Dabei konnte ich den Hans eigentlich nie leiden. Er hat immer Kleinere und
Schwächere geärgert und gequält, besonders den Harald Bühler. Dem versteckte er das Mäppchen, legte einen nassen Schwamm auf seinen Stuhl,
sperrte ihn in den Schrank oder schlug ihn einfach. Jeden Tag machte der Hans
etwas anderes. Und Harald Bühler konnte sich nicht wehren, weil er kaum
Muskeln hat. […]
Am Mittwoch kam Hans mit einem Blasrohr in die Schule. Gleich in der
ersten Stunde wollte er es ausprobieren.
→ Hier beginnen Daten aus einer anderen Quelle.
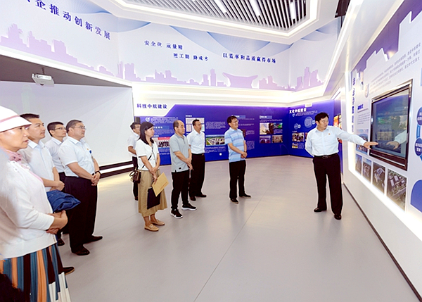 于新华副处长一行首先到集团公司展厅参观,对金沙澳门(中国)唯一官方网站发展历程、产业项目概况、未来发展规划以及党建工作进行全面了解。

Da hatten wir
Deutsch bei Herrn Kleiner, und der versteht in solchen
Dingen keinen Spaß. Wir sagten zu Hans, er solle es
lieber lassen, doch der hörte nicht auf uns. Als Herr
Kleiner etwas an die Tafel schrieb, schoss ihm
Hans ein Papierkügelchen an den Hinterkopf.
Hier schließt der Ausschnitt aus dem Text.